Aim of the task. Could you write out every record below exactly, leaving the pictures out?

Data records.

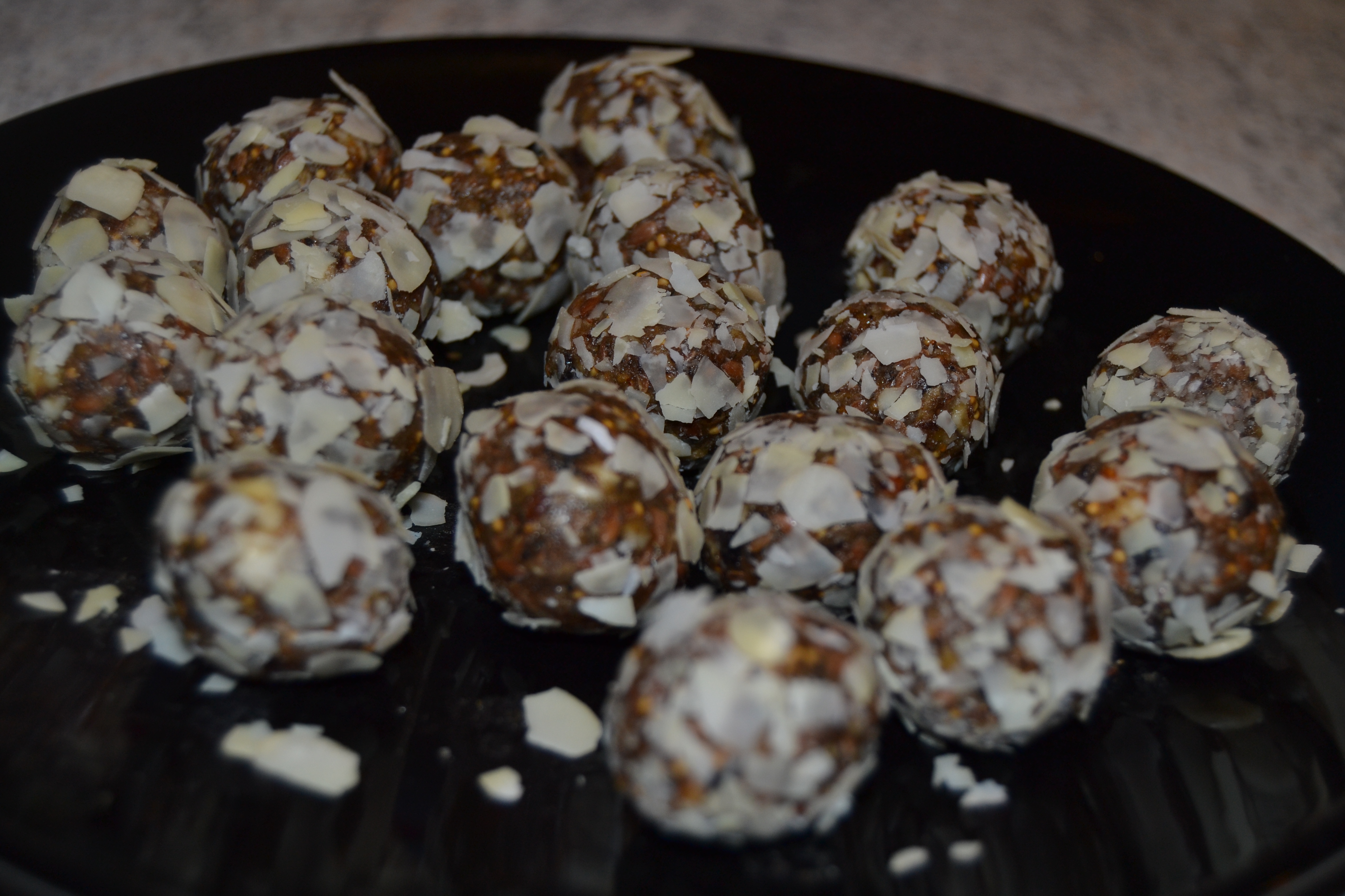Hak figner, rosiner og mandler ved at køre dem gennem persillekværnen (hvis du har sådan et old-school redskab), ellers kan en blender eller en skarp kniv også klare det. Kom de hakkede frugter og nødder i en skål og tilsæt smør og frø. Ælt massen sammen og rul den til små kugler. Tril til sidst kuglerne i mandelflager.
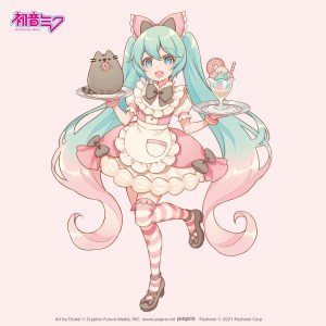 Crypton Future Media announced a collaboration project between Hatsune Miku and Pusheen. The first visual by Japanese illustrator Choke is available on the official Crypton Future Media Twitter.
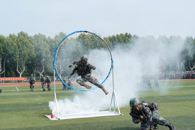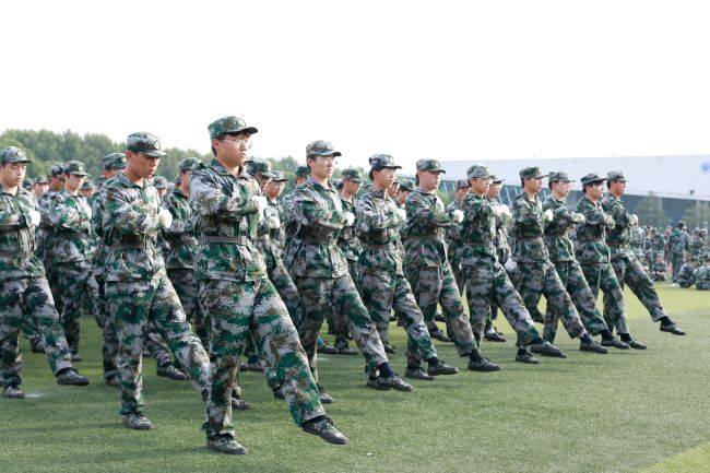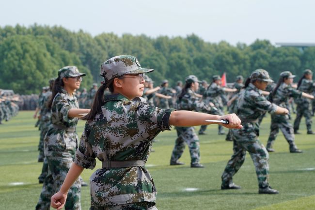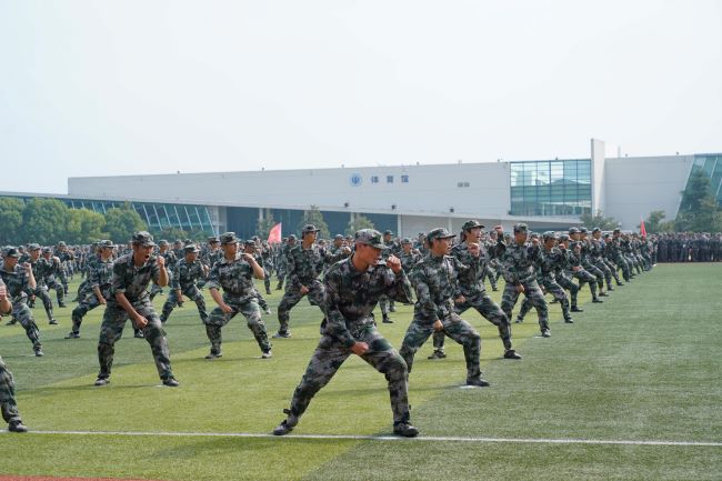 2022级全体参训学生在阅兵指挥官的指挥下,昂首阔步,依次通过主席台,接受检阅,在分列式过后,依次进行了军体拳、匕首操、以及格斗表演。
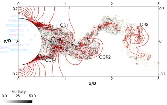 Vorticity peaks at the center of the vortices, as can be seen in Figure 16, but its magnitude decreases as the vortices move downstream from the shear layers to the wake. In the vortex formation region, the non-dimensional spanwise vorticity maximum is around to as the vortices move from to at the outer limit of the recirculation region. This is in contrast with the values reported in the sub-critical regime by Braza et al. [], who observed absolute vorticity to decrease from 3 to 1 as the vortex moves toward the closure of the vortex formation zone. In the wake centerline, the absolute magnitude of spanwise vorticity at the vortex cores diminishes and ranges around (see Figure 16).
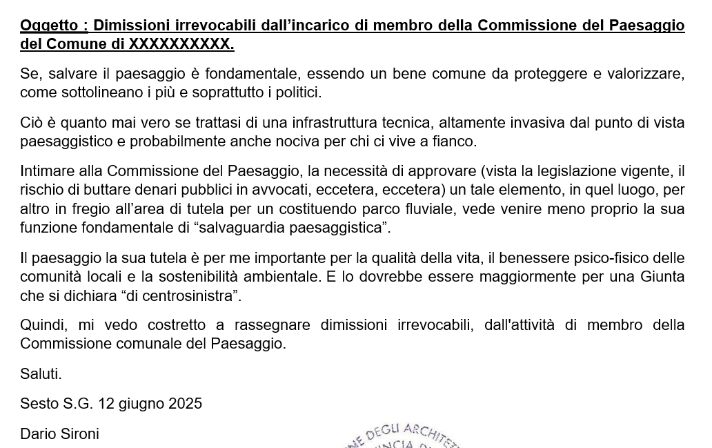 Ennesima lettera, e probabilmente ultima, di dimissioni da organi comunali farlocchi, la cui terminologia nasconde in realtà la volontà opposta DISTRUGGERE IL PAESAGGIO.
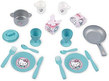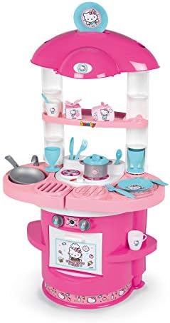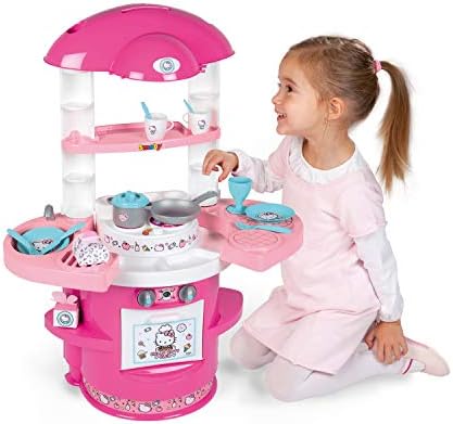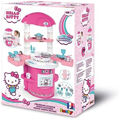Hello Kitty Toy Kitchen Designed in Bright Pink and White Colors and Rounded Shapes, Recommended for Children 3+ Equipped with a cooktop, a sink, an oven, an espresso machine with capsules and storage spaces Countertop has a height of 37.5 cm and includes removable side wings to expand the play area and have additional storage spaces Accessories included: pot with lid, pan, 2 cups, 2 cups, 2 plates, 2 spoons, 2 forks, 2 knives and 2 decorated boxes that simulate food packaging Hello Kitty Line: Toy collection of the well-known white kitten with pink bow, the popular Japanese character who captivates not only children
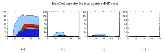 When looking at the HHR case from the agent’s investment perspective, we see that while the agent with the lowest hurdle rates (5%/year) dominates investing, agents with hurdle rates over 6.75%/year do not make any investments at all (see Figure 3a–d). This is because agents with lower hurdle rates are more willing to invest than other agents, as they have a lower requirement on future net revenues, which in turn lowers the electricity price. This reduces returns on investment so much that agents requiring a higher return never invest and are largely outcompeted.

Solution to this problem.
Hak figner, rosiner og mandler ved at køre dem gennem persillekværnen (hvis du har sådan et old-school redskab), ellers kan en blender eller en skarp kniv også klare det. Kom de hakkede frugter og nødder i en skål og tilsæt smør og frø. Ælt massen sammen og rul den til små kugler. Tril til sidst kuglerne i mandelflager.
 Crypton Future Media announced a collaboration project between Hatsune Miku and Pusheen. The first visual by Japanese illustrator Choke is available on the official Crypton Future Media Twitter.
 2022级全体参训学生在阅兵指挥官的指挥下,昂首阔步,依次通过主席台,接受检阅,在分列式过后,依次进行了军体拳、匕首操、以及格斗表演。
 Vorticity peaks at the center of the vortices, as can be seen in Figure 16, but its magnitude decreases as the vortices move downstream from the shear layers to the wake. In the vortex formation region, the non-dimensional spanwise vorticity maximum is around to as the vortices move from to at the outer limit of the recirculation region. This is in contrast with the values reported in the sub-critical regime by Braza et al. [], who observed absolute vorticity to decrease from 3 to 1 as the vortex moves toward the closure of the vortex formation zone. In the wake centerline, the absolute magnitude of spanwise vorticity at the vortex cores diminishes and ranges around (see Figure 16).
 Ennesima lettera, e probabilmente ultima, di dimissioni da organi comunali farlocchi, la cui terminologia nasconde in realtà la volontà opposta DISTRUGGERE IL PAESAGGIO.
Hello Kitty Toy Kitchen Designed in Bright Pink and White Colors and Rounded Shapes, Recommended for Children 3+ Equipped with a cooktop, a sink, an oven, an espresso machine with capsules and storage spaces Countertop has a height of 37.5 cm and includes removable side wings to expand the play area and have additional storage spaces Accessories included: pot with lid, pan, 2 cups, 2 cups, 2 plates, 2 spoons, 2 forks, 2 knives and 2 decorated boxes that simulate food packaging Hello Kitty Line: Toy collection of the well-known white kitten with pink bow, the popular Japanese character who captivates not only children
 When looking at the HHR case from the agent’s investment perspective, we see that while the agent with the lowest hurdle rates (5%/year) dominates investing, agents with hurdle rates over 6.75%/year do not make any investments at all (see Figure 3a–d). This is because agents with lower hurdle rates are more willing to invest than other agents, as they have a lower requirement on future net revenues, which in turn lowers the electricity price. This reduces returns on investment so much that agents requiring a higher return never invest and are largely outcompeted.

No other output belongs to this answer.